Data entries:
#####

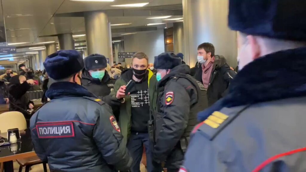 То, что Навального задержат сразу по прилёте, в этом сомнений не было. Были сомнения по поводу того, куда сядет самолёт. Некоторые считали, что самолёт могли посадить и в Магадане. Пока самолёт летел, несколько сотен сторонников оппозиционера, автозаки, и полицейские уже ждали его в аэропорту. Помимо всего этого, в аэропорту разряжали обстановку фанаты Ольги Бузовой. Она должна была прилететь с Питера В то же время. Правда, никто из фанатов не смог объяснить, кто их надоумил стоять на морозе с плакатами, да и ещё за 3 часа до прилёта. «Я на встречу Ольги Бузовой», — с этими словами можно было спокойно пройти в аэропорт. Остальным, чтобы войти требовалось показать билет на рейс. Олегу Навальному пришлось купить билет, чтобы попасть внутрь и встретить брата. Большинство сторонников Навального стояли на улице.
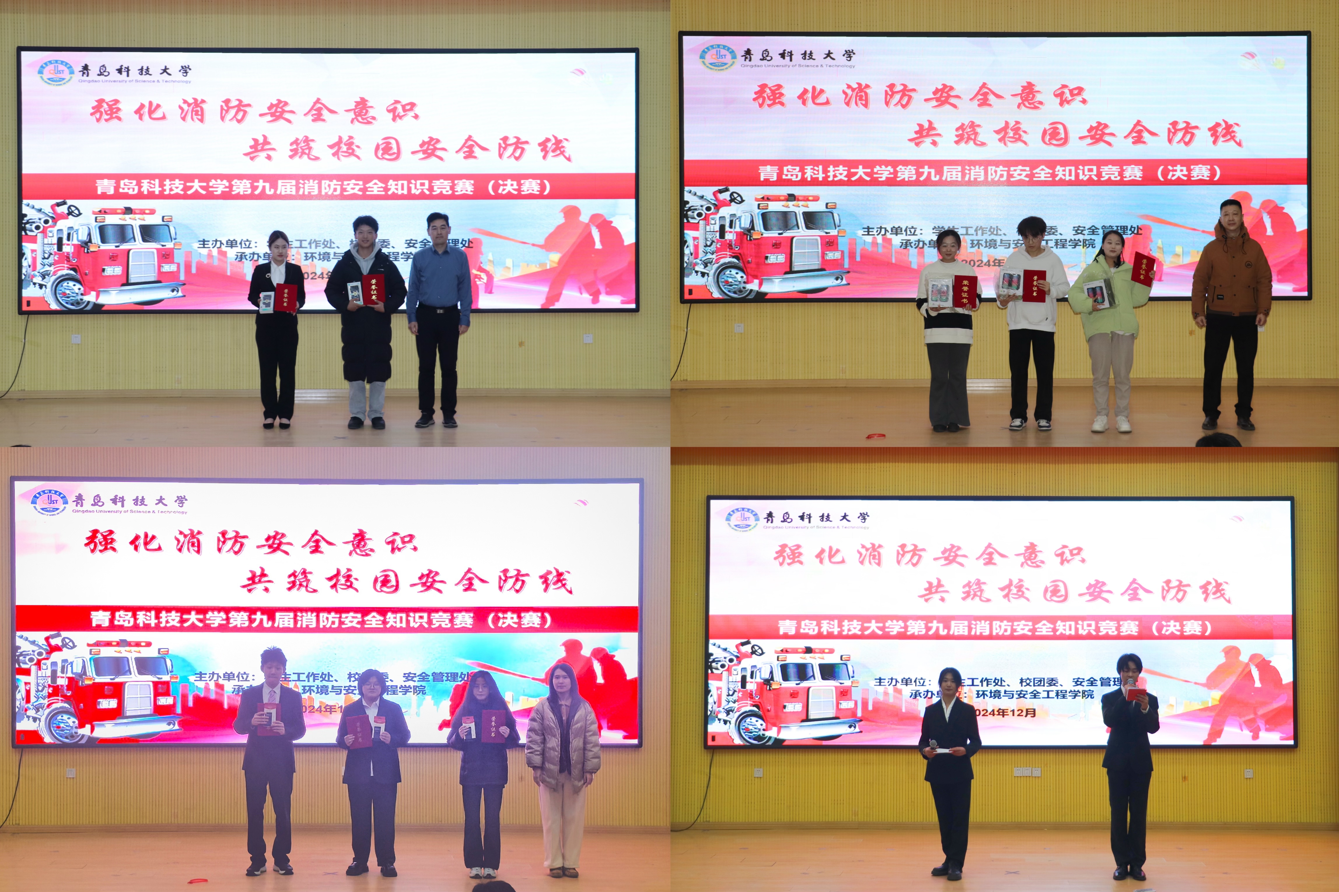 为增强大学生消防安全意识,推动构建安全谐校园,12月12日晚,由学生工作处、校团委、安全管理处主办,williamhill英国承办的“强化消防安全意识,共筑校园安全防线”第九届大学生消防安全知识竞赛决赛圆满结束。环境学院党委副书记兼副院长臧传永、安全管理处四方校区消防科仇立峰、环境学院团委副书记兼学工办副主任巩金梦、生物工程学院团委副书记兼学工办副主任刘金岭以及相关学院辅导员及师生代表参加活动。
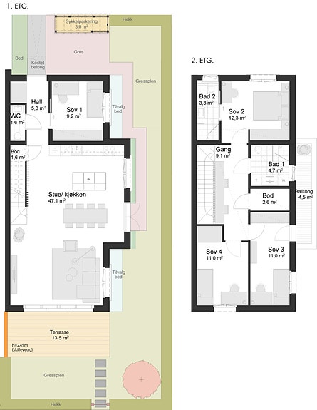 Lekkert 2-plans enderekkehus med stor hage. Rekkehuset har åpen stue- og kjøkkenløsning med direkte utgang til terrasse. Det er 4 soverom, to bad og wc. Balansert ventilasjon sørger for godt inneklima og lave kostnader til oppvarming. Ny bolig kommer med fem års reklamasjonsrett og oppfølging fra utbygger. Denne boligen selges inkl. 2 parkeringsplasser, en på bakkeplan på felt B6 og en i parkeringskjeller under felt B4 og B5. Forutsatt ledige plasser kan ekstra parkeringsplass kjøpes. Ta kontakt med selger for mer informasjon.
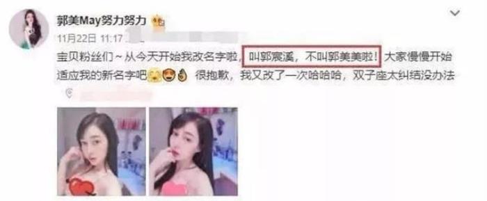 于是她将自己开始的社交账号“郭美美baby”丢弃,换用“郭美May努力努力”,还将自己的名字改成了“郭宸溪”,想把自己以前的错事忘掉。
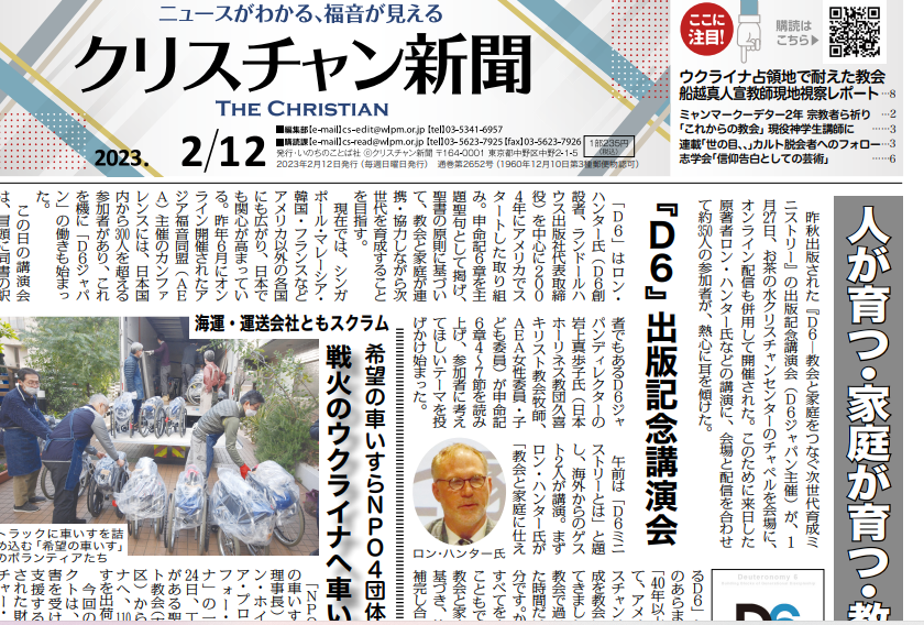 《1面》☆人が育つ・家庭が育つ・教会が育つ 『D6』出版記念講演会

#####

Repeat every record above exactly, but drop the pictures.

 То, что Навального задержат сразу по прилёте, в этом сомнений не было. Были сомнения по поводу того, куда сядет самолёт. Некоторые считали, что самолёт могли посадить и в Магадане. Пока самолёт летел, несколько сотен сторонников оппозиционера, автозаки, и полицейские уже ждали его в аэропорту. Помимо всего этого, в аэропорту разряжали обстановку фанаты Ольги Бузовой. Она должна была прилететь с Питера В то же время. Правда, никто из фанатов не смог объяснить, кто их надоумил стоять на морозе с плакатами, да и ещё за 3 часа до прилёта. «Я на встречу Ольги Бузовой», — с этими словами можно было спокойно пройти в аэропорт. Остальным, чтобы войти требовалось показать билет на рейс. Олегу Навальному пришлось купить билет, чтобы попасть внутрь и встретить брата. Большинство сторонников Навального стояли на улице.
 为增强大学生消防安全意识,推动构建安全谐校园,12月12日晚,由学生工作处、校团委、安全管理处主办,williamhill英国承办的“强化消防安全意识,共筑校园安全防线”第九届大学生消防安全知识竞赛决赛圆满结束。环境学院党委副书记兼副院长臧传永、安全管理处四方校区消防科仇立峰、环境学院团委副书记兼学工办副主任巩金梦、生物工程学院团委副书记兼学工办副主任刘金岭以及相关学院辅导员及师生代表参加活动。
 Lekkert 2-plans enderekkehus med stor hage. Rekkehuset har åpen stue- og kjøkkenløsning med direkte utgang til terrasse. Det er 4 soverom, to bad og wc. Balansert ventilasjon sørger for godt inneklima og lave kostnader til oppvarming. Ny bolig kommer med fem års reklamasjonsrett og oppfølging fra utbygger. Denne boligen selges inkl. 2 parkeringsplasser, en på bakkeplan på felt B6 og en i parkeringskjeller under felt B4 og B5. Forutsatt ledige plasser kan ekstra parkeringsplass kjøpes. Ta kontakt med selger for mer informasjon.
 于是她将自己开始的社交账号“郭美美baby”丢弃,换用“郭美May努力努力”,还将自己的名字改成了“郭宸溪”,想把自己以前的错事忘掉。
 《1面》☆人が育つ・家庭が育つ・教会が育つ 『D6』出版記念講演会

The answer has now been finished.